Working with p-adic integers is really simple, and usually if you want to do rational numbers, it's fairly easy; you just use long-division.
But here in the case 9/10 when we're working in the 5-adics; I have no idea. I understand you can extend the p-adic integers to the p-adic numbers; but given $9 = 4 + 1 \cdot 5 + 0 \cdot 5^2 + ...$ and $10 = 0 + 2 \cdot 5 + 0 \cdot 5^2 + ...$ we can't do long-division. So it seems that we'd have to get it in p-adic number form; the issue here is though that I have no idea how to do this. Is it simply trial in error? If so, the question after this is $\frac{1234}{625}$ how the hell am I meant to do that!!!!!
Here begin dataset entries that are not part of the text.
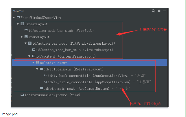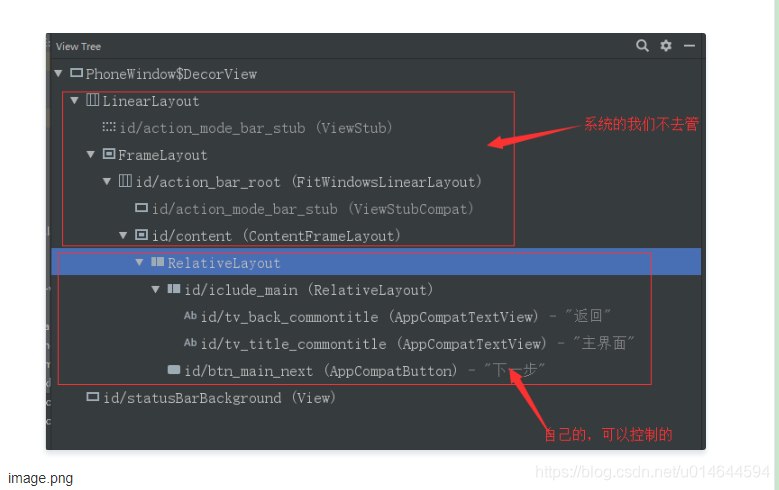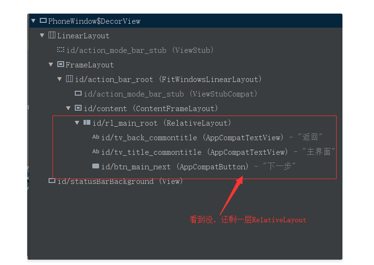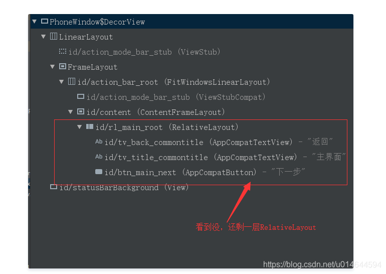 merge标签是作为include标签的一种辅助扩展来使用的,也就是需要和include一起使用,它的主要作用是为了防止在引用布局文件时产生多余的布局嵌套。我们先看看我们现在的视图层级(通过android studio自带的Layout inspector):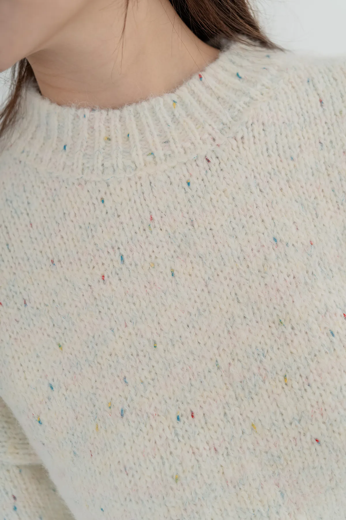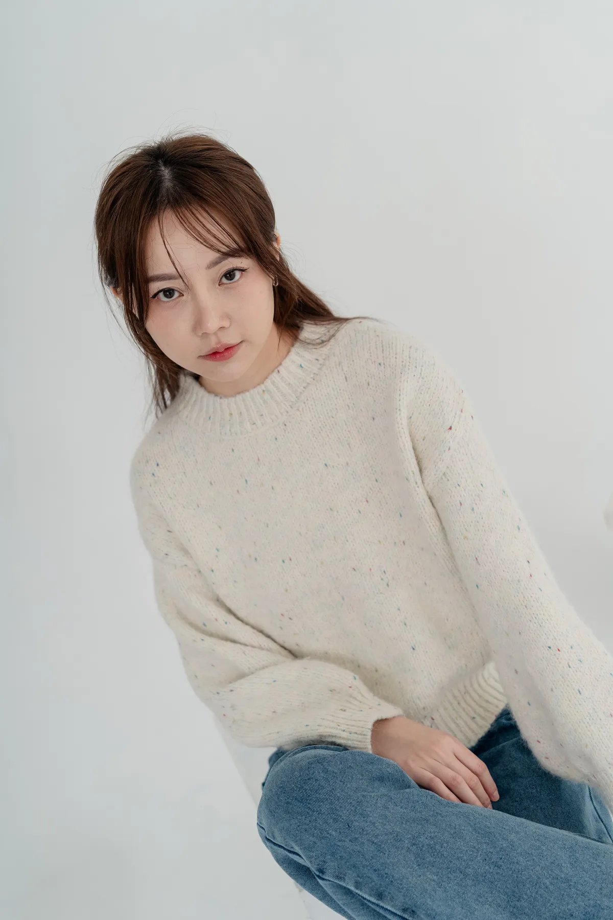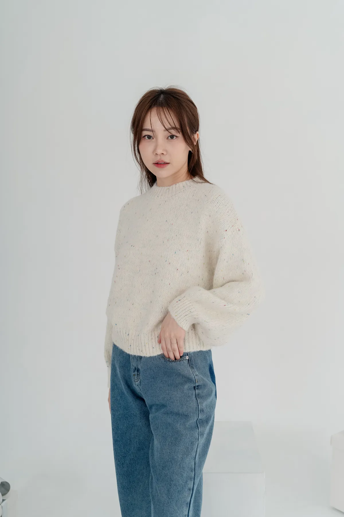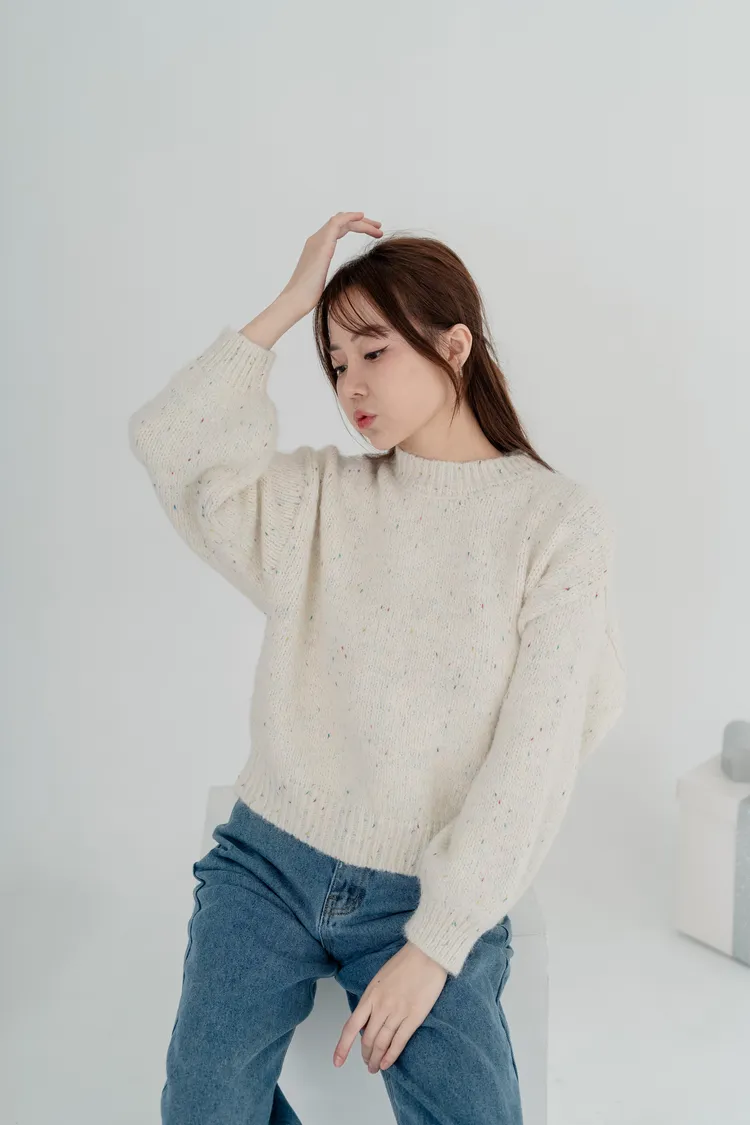 漂亮的混色毛衣,細節上很美,微澎袖剪裁修飾手臂線條更顯瘦,日常、約會、通勤都能駕馭
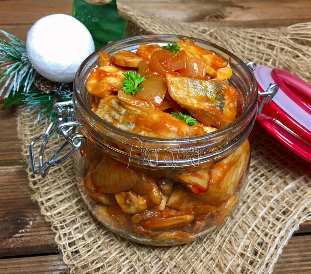 Śledzie z pieczarkami i cebulą w pomidorach to smaczna przekąska na wigilię,…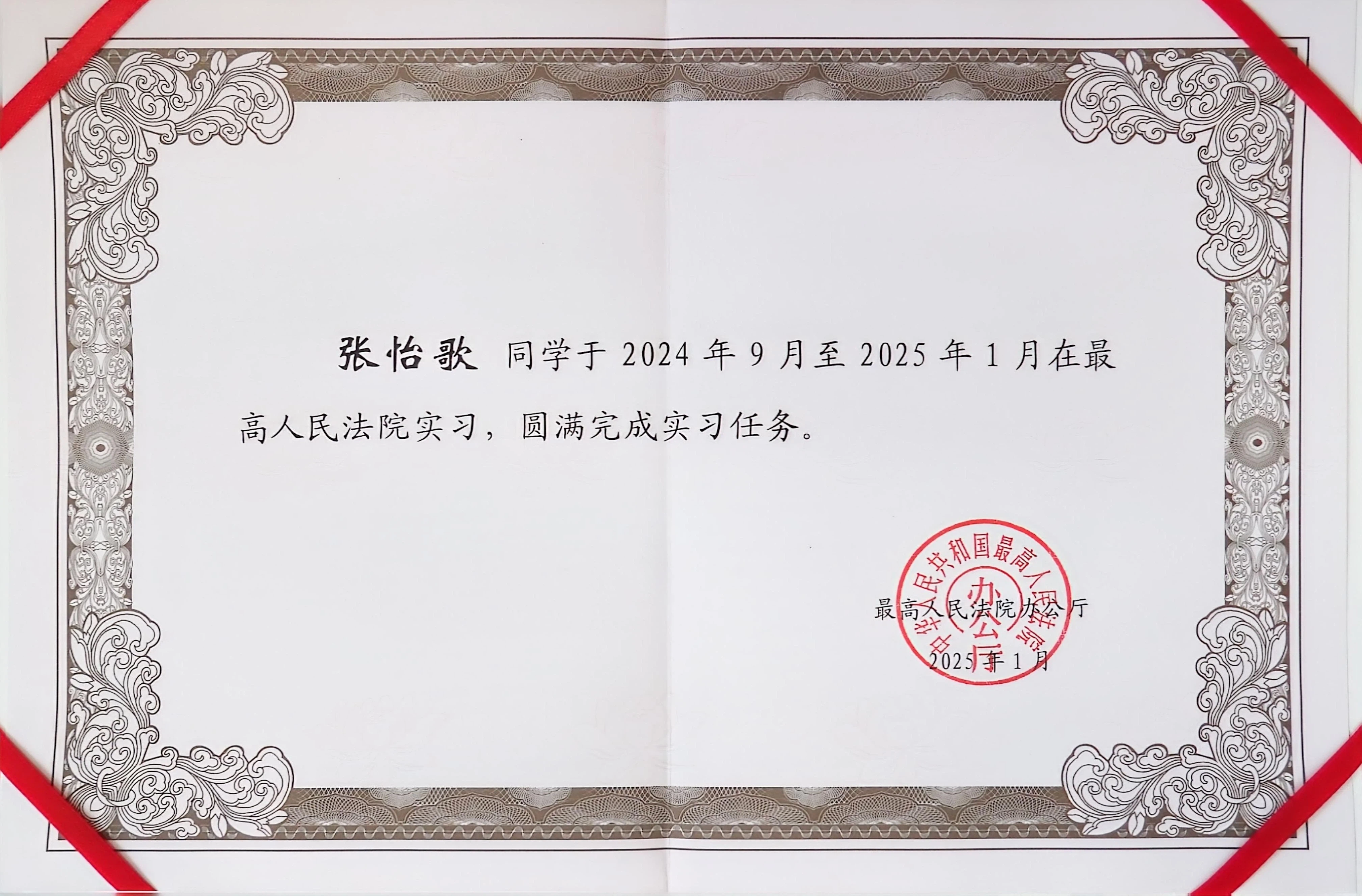 张怡歌同学表示:在最高人民法院实习的四个月,受益良多、此生难忘。借此机会,想分享四点感悟。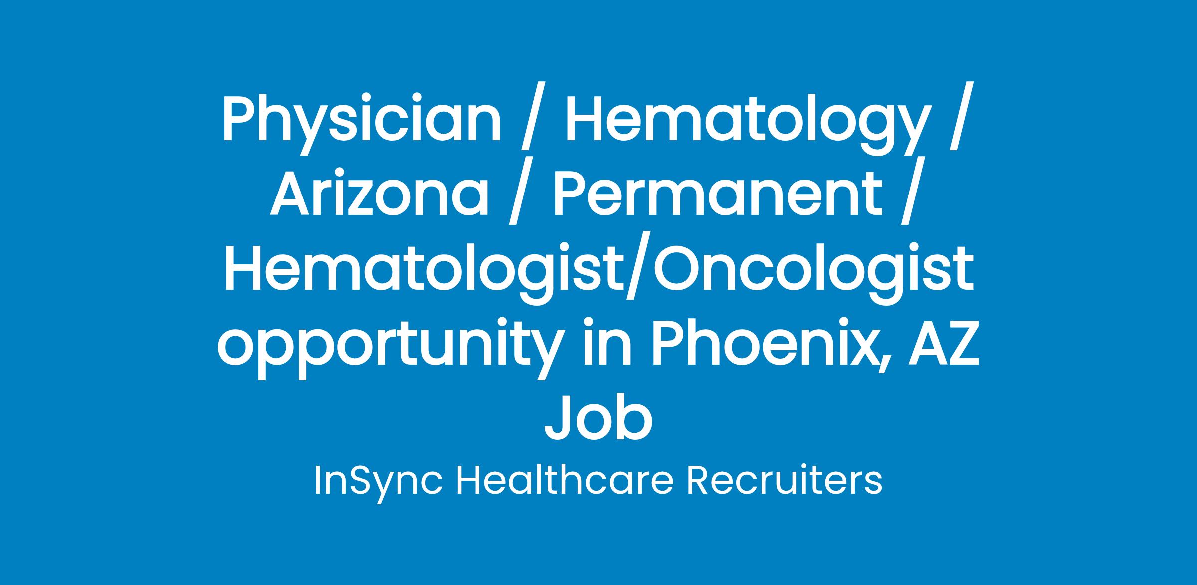 Wonderful full-time opportunity for Board Certified/Eligible Hematologist/Oncologist to join well-established academic medical group in Phoenix, AZ.This highly regarded multi-specialty group is exclusively contracted to provide patient care and teaching for a safety-net health system serving one of the largest counties in AZ. This is a not-for-profit faculty practice plan owned and operated by physicians consisting of more than 400 providers representing all major medical and surgical specialties and subspecialties. The physicians hold faculty appointments and participate in inter-professional teaching through the Creighton University Arizona Health Education Alliance with a fully accredited ACGME General Surgery Residency.Offering a competitive salary as well as a comprehensive benefits package including:Medical/Dental/Vision/Life/Disability/Supplemental LifePaid Time OffCME Allowance with paid time offRetirement and 401k BenefitsFlexible Spending AccountsPaid medical malpractice insurance w/tailExperienced Physicians and New Graduates are encouraged to apply. Must obtain an Arizona Medical License prior to beginning employment.Experience the Southwestern lifestyle in Arizona, offering an affordable cost of living, year-round warm weather, and a plethora of outdoor activities such as hiking, biking, fishing, camping, and golf. The vibrant Phoenix metropolis provides diverse social and cultural activities, including theatre, professional sports, symphony, and numerous museums celebrating the culture, history, and beauty of the Southwest.Job# RBAZHEMONC2300For more information, please email your updated CV to or call/text .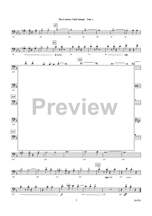 Digital Sheet Music for The Country Club Stomp! - Trombone 1 by JaRod Hall scored for Concert Band; id:498774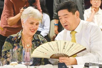 浙江“宁波文博奇妙夜”启动仪式活动现场,中外嘉宾欣赏中国纸扇上的篆刻书法艺术。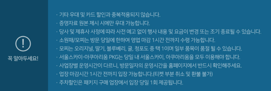 &아쿠아리움과 - 서울스카이 PKG 이용 시 29,000원으로 이용이 가능해요.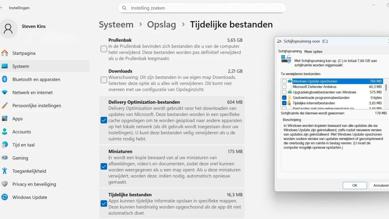 Dat betekent dat in de instellingen voor Opslag niet meer wordt gescand in de gevoeligere niveaus. Daardoor krijg je die updatebestanden daar niet meer te zien. Bij Schijfopruiming kan je er wel voor kiezen om specifiek de Systeembestanden te zien te krijgen. Daar lukt dat dus wel nog. Het verschil zie je in de foto hierboven, waar je de instellingen op de achtergrond ziet en het kleiner scherm van de Schijfopruiming op de voorgrond.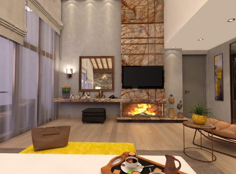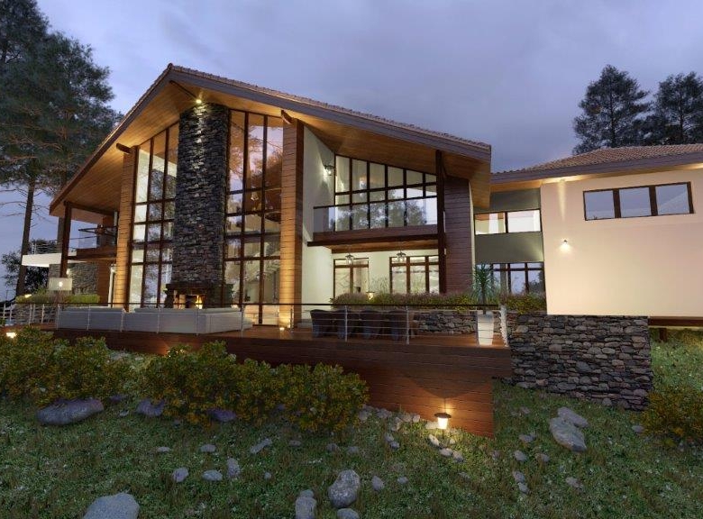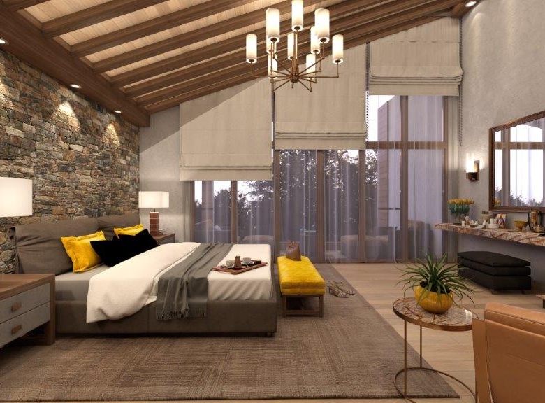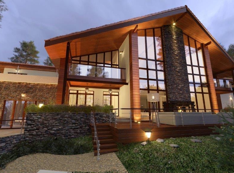 The dominant material in the decoration of all rooms is a wood. However, in order not to overload the premises and not to tear away from the reality, the modernity of the project is also emphasized, using glass partitions, metal and glass constructions, marbles and other modern finishing techniques in the interiors. The signature piece of the interior is a weightless staircase made of metal and glass. The central place in the living room is a fireplace; massive and lined with rough stone, which is the main compositional centre of the double light living room.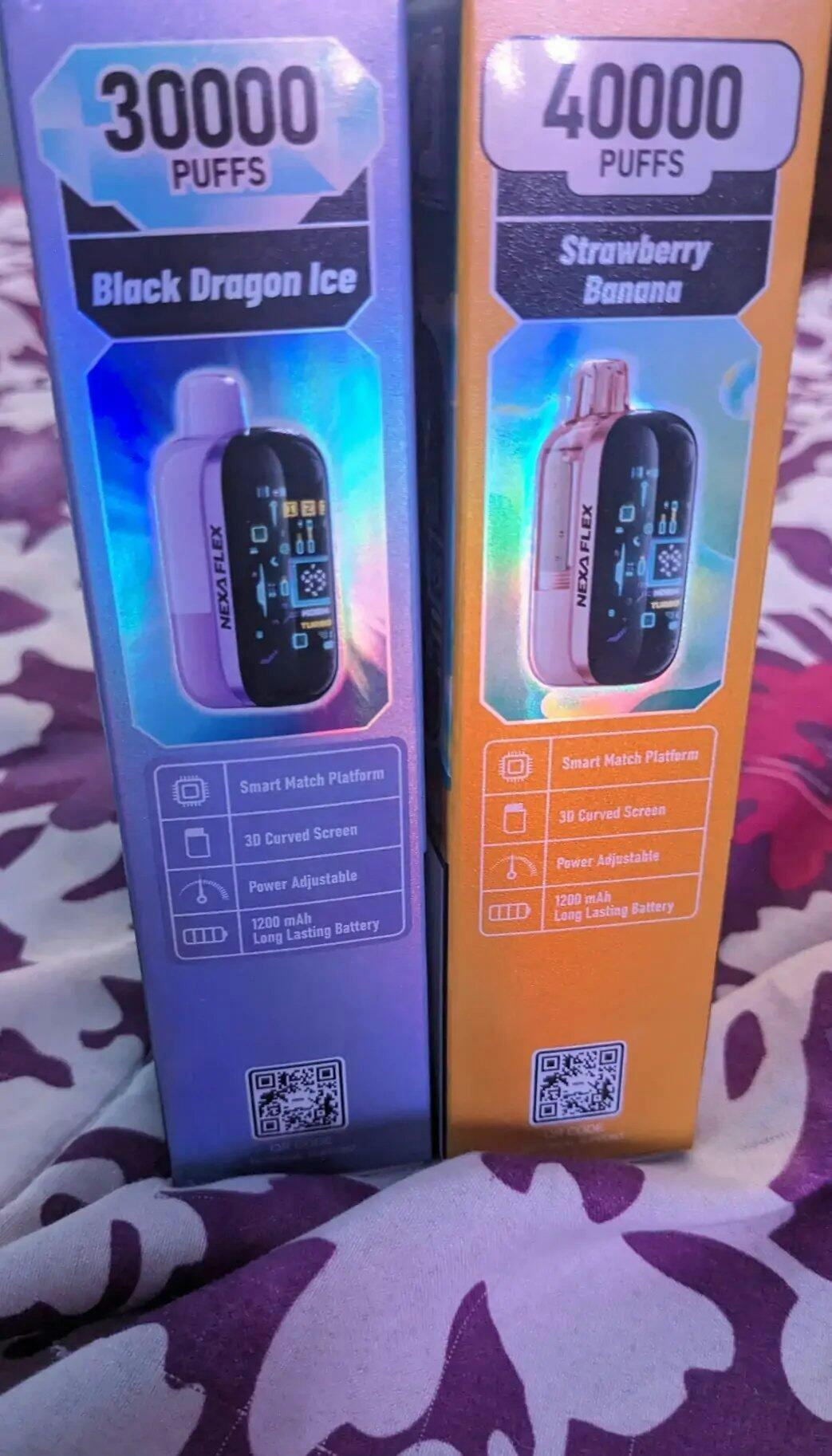 NEXA Flex comes in two versions, Ice Master with up to 30000 puffs and Flavor Booster with up to 40000 puffs. The Cool Pod delivers about 30000 puffs in Norm mode or 18000 in Turbo, while the Visible Pod offers around 40000 in Norm and 25000 in Turbo. The Ice Master version features four adjustable ice levels, and the Flavor Booster version uses a patented transparent pod. Powered by a rechargeable 1200mAh battery and holding 18ml of pre-filled e-juice, it includes an intelligent side screen with dark and light modes to display battery and output settings, supporting both Norm and Turbo modes for flexible use.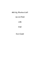 ABOUT THIS GUIDE Congratulations on your purchase of this IEEE 802.11g Wireless LAN Access Point. This manual helps to features the innovating wireless technology that can help you build a wireless network easily! This manual contains detailed instructions in operation of this product. Please keep this manual for future reference. With a WLAN (IEEE 802.11g) Access Point, a mobile computer can share data with another mobile computer in a wireless way.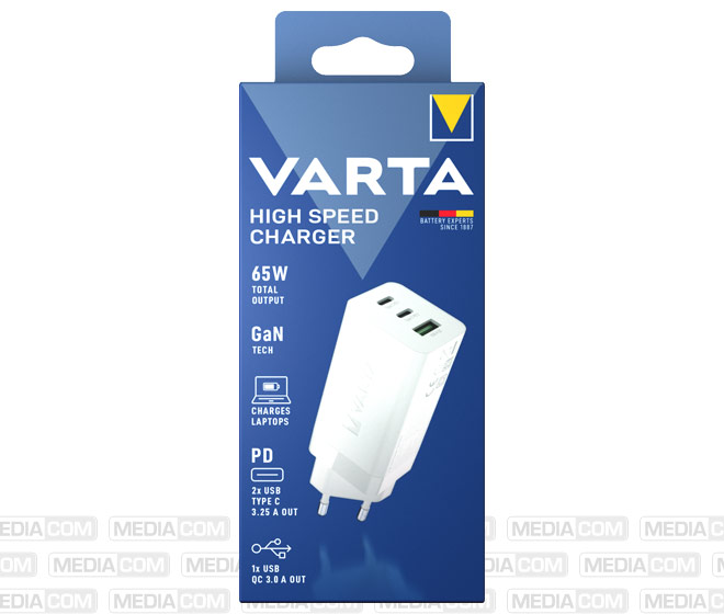 Ladeadapter, High Speed Charger, GaN, 65W, weiss 1x USB-A QC, 2x USB-C PD, Retail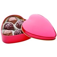 Inhalt: Herz-Dose mit 6 handgefertigten Champagner Trüffeln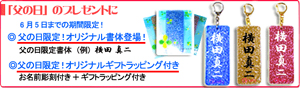 「父の日」のプレゼントは決まりましたか?ゴルフ好きのお父さんにキャディバッグにつけるGolfyオリジナルのネームプレートをプレゼントしてみては?今回、父の日限定書体(行書体)が登場!ネームプレートに、父の日限定書体でお名前の彫刻ができます。とくにオススメなのが、ブルーのネームプレートに父の日限定書体でホワイトの文字色でお名前の彫刻をすると、とってもカッコイイ、ネームプレートになります。さらに、ギフトラッピング付き&ギフト配送もできます。今年の「父の日」のプレゼントにネームプレートで。▼父の日限定 お名前&ギフトラッピング付きネームプレートhttp://www.golfy.co.jp/deco/deco_name_father.html

Note that $1/5$ (or any power of it) is not a $5$-adic integer. It is just $\ldots0000.1$, a $5$-adic rational.
Since the geometric series gives $\ldots1111=\sum_n5^n=1/(1-5)=-1/4$, we have
$$\ldots2222=-1/2$$ $$\ldots2223=(-1/2)+1=1/2$$
so
$$9/10=(9/2)/5=(4+1/2)/5=(\ldots2232)/5=\ldots2223.2$$
For the second question, the key is that $625=5^4$ is a power of $5$. So
$$1234/625=0.1234$$
In general, you can simply shift the radix point for each factor of $5$ in the denominator; and the remaining factors in the denominator must be factors of some $(5^m-1)$, so you can move them to the numerator by using the geometric series $\sum_n5^{mn}=1/(1-5^m)$.